» EXERCISE PROMPT
Everything from the line containing "ペレットストーブの灯が とっても 鮮やかに 映えて" to the end of the listing, both included, should be returned exactly, apart from the pictures.

» SUPPLIED INFORMATION
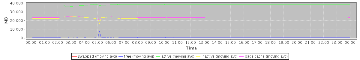 avg(swapped) = 9.31 avg(free) = 807.63 avg(active) = 38260.30 avg(inactive) = 22191.21 avg(page cache) = 23457.76
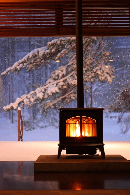 ペレットストーブの灯が とっても 鮮やかに 映えて
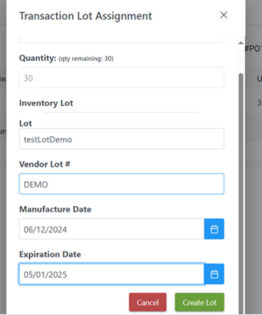 In this window, you will have the option to create a Lot and/or use an existing Lot depending on the type of transaction you are applying it to.

» EXPECTED ANSWER
 ペレットストーブの灯が とっても 鮮やかに 映えて
 In this window, you will have the option to create a Lot and/or use an existing Lot depending on the type of transaction you are applying it to.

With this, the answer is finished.